Mieliśmy najpierw plan, aby wejść jeszcze wyżej, aby sobie coś tam pstryknąć, jednakże turystów tam było tak dużo, że z trudem było znaleźć miejsce na pstrykanie czegoś...
MNE-2025--6.jpg
Zaczęło wiać jak diabli więc decyzja była jedna, aby zejść niżej w kierunku knajpy Forza Kuk celem przyjęcia strawy i uzupełnienia poziomu kawy we krwi, mojej krwi, bo moja Miss Excel miała ochotę na coś innego.
Tu... więcej w podsumowaniu bo nie chcę już na starcie psuć opinii tego miejsca, które rok temu opisywałem jako naprawdę warte...
Dosyć szybko zaczęło się robić ciemno, bardzo ciemno i wiać jeszcze bardziej, jak na ironię było naprawdę zimno. Zmierzamy z powrotem w kierunku stacji kolejki i widzimy jak ludzie stają prawie za każdym murkiem, aby nie zmarznąć.
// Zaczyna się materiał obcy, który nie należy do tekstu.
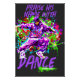 El ilustracion colorido de un hombre bailando estilo hip hop. Ilustracion hecho con goteo estilo graffiti. Cita "ELOGIAR SU NOMBRE CON BAILE" tomada de "PSALM 149:3".

Powrót już przyjemniej minął, bowiem wszyscy mieli wlepione oczy w widok światła jakim przyodziana była zatoka kotorska prawie że nocą już. Wyjątkowo było cicho i nieruchomo, turyści załapali, że w gondoli jest czujnik ruchu, więc praktycznie większość czasu jechaliśmy po ciemku, aby rozkoszować się naprawdę pięknym widokiem.
Wychodząc już ze stacji musieliśmy oczywiście trafić na jakiegoś głodnego kociaka, którego mogliśmy nieco dokarmić. Karma dla kotków na wyjazdach już zawsze jest pod ręką. Moja Miss Excel po prostu nie może patrzeć jak te małe futrzaki są głodne czy zaniedbane.
Wróciliśmy, kolejne rozmowy, obserwacje gekonów, popijanie przepysznego soku z granatów połączone z przegryzaniem świeżych fig od naszej pani wynajmującej.
Kolejny dzień to już lenistwo i raczej niczego nowego nie napiszę.